Записная моя книжка, некогда под завязку густо заполненная адресами, телефонными номерами, фамилиями, сейчас была порожней. Страницы ее выглядели морщинистыми, изношенными, тряпично измятыми и не несли на своей поверхности ни одной закорючки.
Внутри записной книжки, меж ее страниц, как бы стиснутая в ладонях, но не раздавленная, хранилась у меня веточка полыни, давнишняя, прихваченная в причерноморских степях… ради запаха. Запах мне ее нравился. Как балалаечнику — запах политуры. Здесь, на дороге, время от времени доставал я свой талисман, поднося веточку к носу и вдыхал далекий запах, едва различимый, как звон колоколов легендарного Китежа-града, запах родимой земли, ее бескрайних степей, бездонных небес и непроглядных лесов.
Паршивая собачка моляще задрала свою жалкую мордаху с болезненно-сухой кожицей на острие нюхалки. Я дал ей подышать полынью. И собака благодарно завиляла обноском хвоста, словно учуяла нечто.
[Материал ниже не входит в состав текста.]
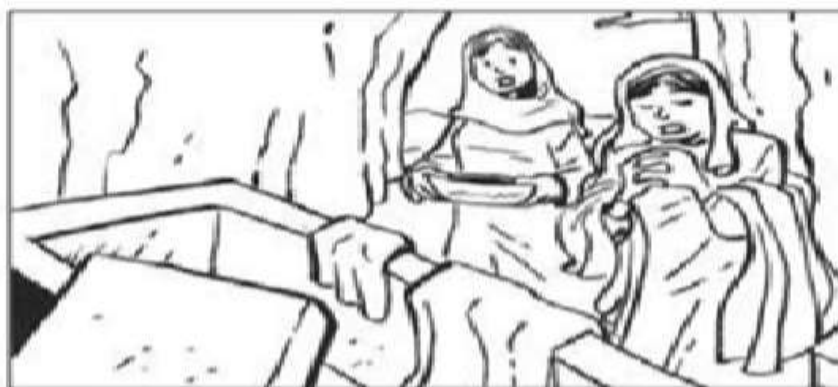
DOMINGO DE RESURRECCION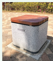
▲普段はベンチ、有事の際にはマンホールトイレとして使用できるスツール型トイレ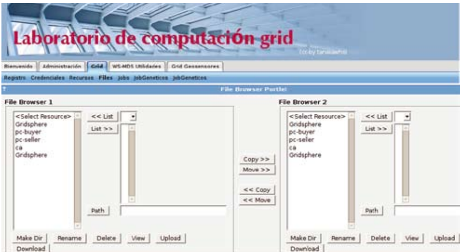
Figura 6. Portlet para el manejo de archivos remotos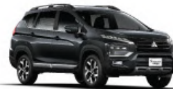
Graphite Gray Metallic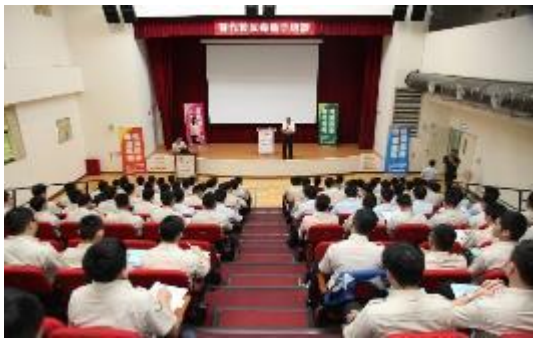
圖 20 替代役反毒種子培訓

А затем довольно бодро заковыляла вместе со всеми — в сторону неизвестности.
4
Викентий Мценский жадно вдыхал воздух своего первого небольничного дня — дня относительной свободы, кое-каких надежд и не слишком изысканных желаний.
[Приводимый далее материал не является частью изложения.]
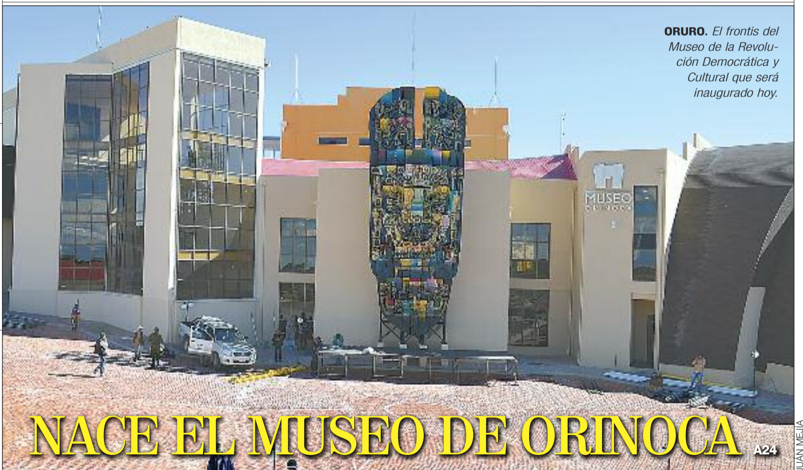
ORURO. El frontis del Museo de la Revolución Democrática y Cultural que será inaugurado hoy.

■ Desde ayer rige el endurecimiento del control migratorio a Argentina. Personal boliviano de Migración reveló que en La Quiaca, frontera con Villazón (Potosí), el sistema es aplicado por sus pares del vecino país, pero sin acceso a la base de datos de Bolivia, ya que Argentina incumplió un acuerdo. A18 Y A30

Еще на Васильевском острове, в Соловьевском саду, пришло к нему ощущение странной, не сплошной, а как бы выборочной теплоты. Прежде такая локальная теплота возникала в желудке после первого стакана. А теперь это благо посетило Мценского снаружи, откуда-то даже свыше, словно в густой листве, распростертой над ним, нашлась потаенная дырочка для солнечного луча, а может, лист оборвался, пожертвовал собой, и солнечный луч уперся Мценскому в грудную клетку, как раз над тем местом, где все еще шевелилось сердце.
Потом возник этот Чугунный, то бишь Володя Чугунов. Явился он весь неузнаваемый, искалеченный своей печалью, то есть заботой о выпивке, с рассованными по карманам флаконами душистой парфюмерии. Сам Чугунный узнал Мценского моментально — узнал, несмотря на замутненность памяти, изувеченный интеллект и разросшуюся, словно гигантская опухоль, «сатирическую» озлобленность на благополучный окружающий мир. Веселый этот гнев с годами превратился в характер Володи Чугунова. Он-то и обострял время от времени притупившуюся память и прочие свойства организма бывшего осветителя.
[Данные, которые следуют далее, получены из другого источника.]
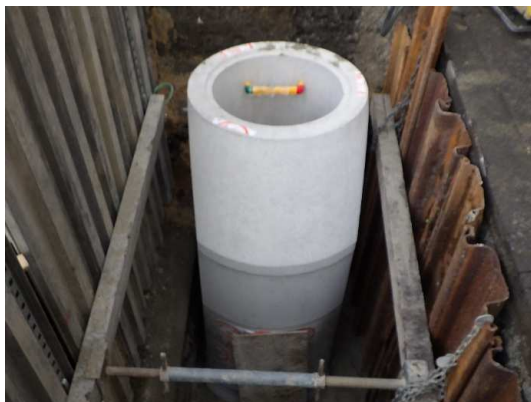
マンホール設置状況

И все-таки они узнали друг друга. Так узнают в этом мире друг друга люди, совместно страдавшие в больницах, тюрьмах, на войне, в суровых экспедициях, плаваниях, перелетах и прочих переплетах, то есть в ситуациях незабвенных, внедрившихся в структуру мозга прочней любого из химических элементов.
— Слышь, Кент, чего ты в июне в теплое оделся: пальто, пирожок на башке? Руки мерзнут, ноги зябнут? Не пора ли нам дерябнуть? Так, что ли, тебя понимать?